Performance Compensation
| Item | Detail |
|---|---|
| Machinist—2024 Equity Awards | None disclosed for 2024; table shows $0 for option awards. |
| Director equity grants (others) | RSUs: 161,290 granted to Kurtz, Solimine, and Pfeffer upon Lyneer Merger; vest equally monthly over one year. |
| Default vesting (2025 Incentive Plan) | Unless otherwise set in award agreement: 4-year schedule (25% on first anniversary, remainder monthly). |
| Non-employee director cap | Annual total (cash + equity grant-date value) limited to $1,000,000, with extraordinary exceptions by Board. |
| Performance metrics | No performance-based metrics tied to director compensation disclosed; awards vest time-based. |
Other Directorships & Interlocks
| Company | Role | Status | Notes |
|---|---|---|---|
| ECD Autodesign (Nasdaq: ECDA) | Director | Current | Board membership disclosed. |
| Troika Media Group (Nasdaq: TRKA) | CEO & Chairman | Former | Company filed Chapter 11 on Dec 7, 2023 (after his tenure). |
No disclosed interlocks with ATLN competitors/suppliers/customers.
Expertise & Qualifications
- Principal investor/operator and investment banking leader; prior MD & Head of Investment Banking at Bank of New York; founder/president at Patricof & Co.
- Extensive board and advisory experience across credit management (CIFC), media merchant banking (MESA), healthcare (Maimonides), and academic institutions (Weizmann, Vassar).
- Education: B.A. Vassar; graduate work in biochemistry at Weizmann Institute of Science.
Equity Ownership
| Holder | Shares Beneficially Owned | % of Outstanding | Notes |
|---|---|---|---|
| Robert B. Machinist | 728,814 | 1.2% | Address c/o ATLN; no pledge permitted under anti-pledging policy. |
- Shares outstanding at record date: 58,375,488.
- Section 16 filings: All Forms 3/4/5 timely for 2024.
- Hedging/pledging: Prohibited for directors/officers/employees.
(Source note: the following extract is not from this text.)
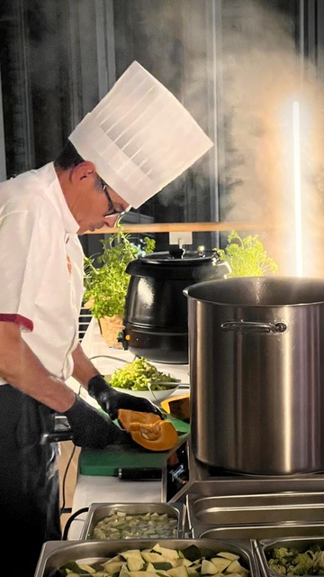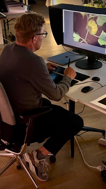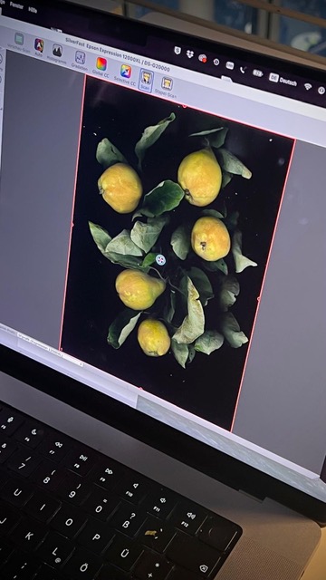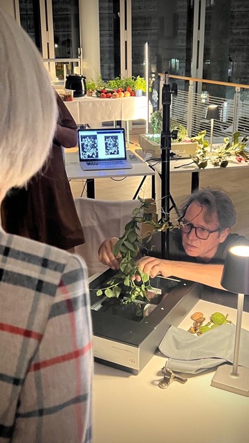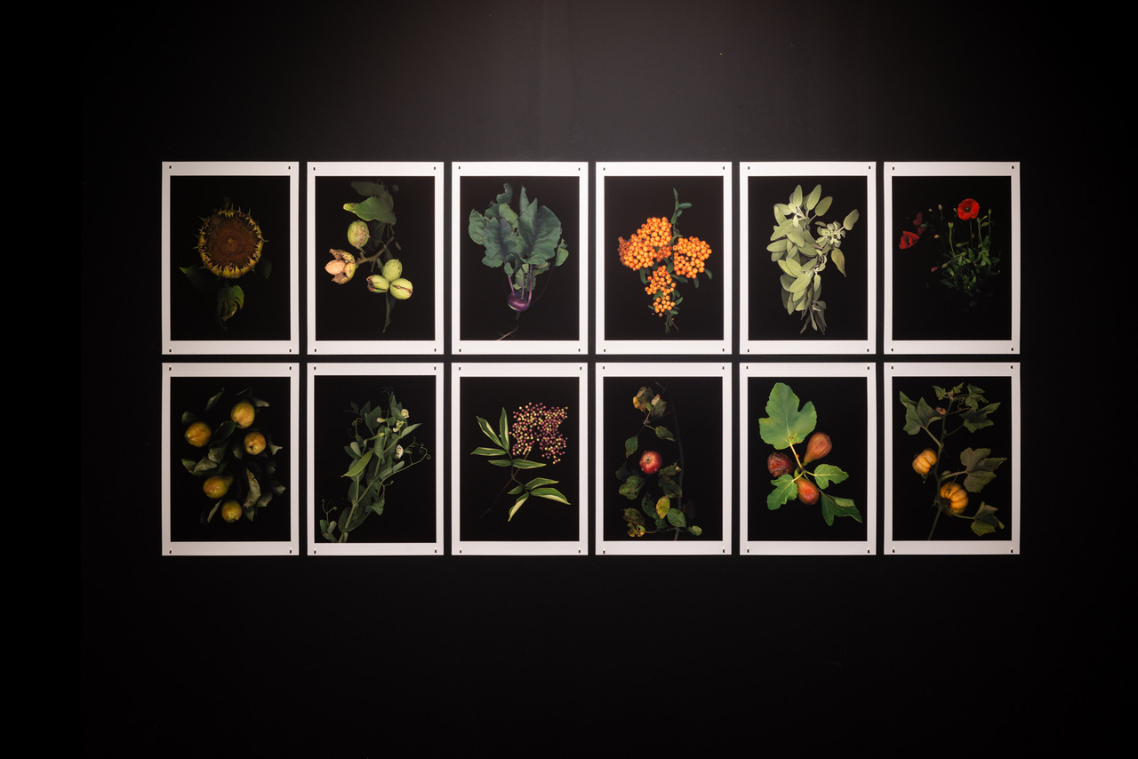 Seasonal ingredients with an autumnal connection, such as pumpkin, root vegetables, chestnuts and other plants, were scanned in high resolution and then prepared by chef Lennart Röbbel into various vegan dishes like minestrone soup, pumpkin seed butter or chestnut pesto. Parallel to the culinary preparation, the plant scans were digitally processed on the computer, printed as contemporary still lifes and presented in the exhibition space as real pigment prints.

- 10b5-1 plans: None for officers/directors.
Governance Assessment
- Strengths: Significant capital markets and governance experience; meaningful personal equity stake (1.2%); strong attendance culture; robust anti-hedging/anti-pledging and clawback policies adopted in 2025.
- Concerns/RED FLAGS:
- Independence: Not listed among independent directors; not on key committees—limits independent oversight influence.
- Prior bankruptcy association: Former CEO/Chair of Troika (TRKA) which later entered Chapter 11—raises risk perception.
- Quorum reduction to one-third voting power may enable passing items with lower shareholder participation—investor confidence risk.
- Board leadership concentrated with CEO as Interim Chairman and no Lead Independent Director—potential entrenchment/oversight risk.
- Alignment: No 2024 director pay recorded for Machinist; overall director program mixes cash retainer and time-vested equity; ownership aligns incentives.
Net view: Machinist brings seasoned finance and boardroom experience with material skin-in-the-game, but independence and committee absence, coupled with governance design choices (low quorum, CEO as Interim Chair, no LID), warrant heightened monitoring of board effectiveness and shareholder rights.